21257    time_series/SMOSSMAP_gpi=746634.0_lat=39.549_l...
21277    time_series/SMOSSMAP_gpi=618865.0_lat=17.263_l...
21329    time_series/SMOSSMAP_gpi=618866.0_lat=17.292_l...
Length: 290, dtype: object

To test whether these *CSV* files comply with the required format, following command can be used (here, only the first file is checked):

In [8]:
fname = os.listdir(out_folder)[0]
pd.read_csv(os.path.join(out_folder, fname), index_col=0, parse_dates=True)

Unnamed: 0_level_0,sm_gapfilled
Time,Unnamed: 1_level_1
2010-01-01,0.224519
2010-01-02,0.224840
2010-01-03,0.225556
2010-01-04,0.226809
2010-01-05,0.228789
...,...
2021-12-27,0.125000
2021-12-28,0.121507
2021-12-29,0.127000
2021-12-30,0.168114


Finally, all *CSV* files are compressed into a single *ZIP* archive. This is done by using a small helper function `zipdir` and the `zipfile` library

---
*NOTE*

Alternatively, the following bash command can be used as well: `!zip -j my_data.zip  time_series/*.csv`.

---

In [9]:
def zipdir(path, ziph):
    for file in os.listdir(path):
        ziph.write(os.path.join(os.path.abspath(path), file), 
                    os.path.relpath(os.path.join(os.path.abspath(path), file), 
                                    os.path.join(path, '..')))

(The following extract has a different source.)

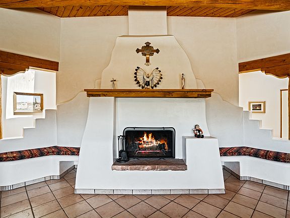 This one owner well maintained home is nestled on a quiet cul de sac street in an established neighborhood and offers an oasis of tranquility. It offers unparalleled charm and every detail has been thoughtfully crafted for luxurious living. From the moment you step into the spacious entry, you'll be captivated by the high ceilings throughout and the unique architectural elements. Enjoy the timeless Santa Fe charm vigas bring and especially when they are topped with split cedar as the grand hallway has been. Gather around the beautifully designed wood fireplace in the cozy living room, or enjoy morning coffee in the circular breakfast area with its enchanting wood-coned ceiling. The heart of the home, an updated kitchen with an island flows seamlessly into a formal dining area, perfect for entertaining. Retreat to the roomy primary bedroom or one of two spacious secondary bedrooms, each boasting an en-suite bathroom and generous closets. Outside, discover a private haven with established, irrigated front and back landscaping with a beautiful rose garden, and an enclosed backyard. Practical amenities such as an extra-long driveway, an oversized 1100 square foot 2-car garage with a 10-foot high double door. The garage is finished and has high ceilings and can accommodate many uses and greatly adds to the home's appeal. Bask in abundant natural light and enjoy the peace of mind that comes with living in an elegantly crafted home.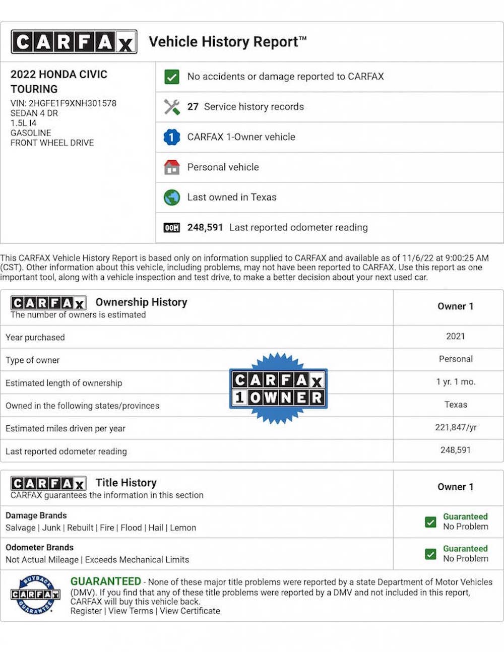 Sedan buatan Kanada ini ialah model keluaran 2022 yang baru berusia 13 bulan, tetapi sudah mencatat jarak pemanduan sejauh 248,740 batu (400,300km). Iklan jualan Honda Civic (2022) itu ditemui Jason, seorang peminat tegar Honda yang juga pakar pelatih produk.

with zipfile.ZipFile('Time_Series_CSV.zip', 'w', zipfile.ZIP_DEFLATED) as zipf:
    zipdir(out_folder, zipf)

# Alternative: *NetCDF*  Image Stacks

QA4SM also accepts *NetCDF*  image stacks as input. This is especially handy, as most level 3 and level 4 soil moisture products are distributed in this format. 

Yet, certain requirements regarding the *NetCDF*  file structure have to be met, for QA4SM to sucesfully make use of this data. These can be found in the [user data upload guide](https://qa4sm.eu/ui/user-data-guidelines).


Below, a short example on how to read a *NetCDF* image stack, using the [xarray](https://xarray.dev/) library, is given. For *NetCDF* stacks to be compatible with QA4SM, they should be of similar format as the example given below.

In [10]:
import xarray as xr

netcdffile = os.path.join('custom_data', 'europe_cci_gapfilled_2018_v3.nc')
ds = xr.open_dataset(netcdffile)
ds

In this example, 150 values for the latitude `lat` and 238 for the longitude `lon` are contained in the *NetCDF* stack. The third dimesnion is the gapfilled soil moisture data `sm_gapfilled`, as function of `time`, `lat` and `lon`.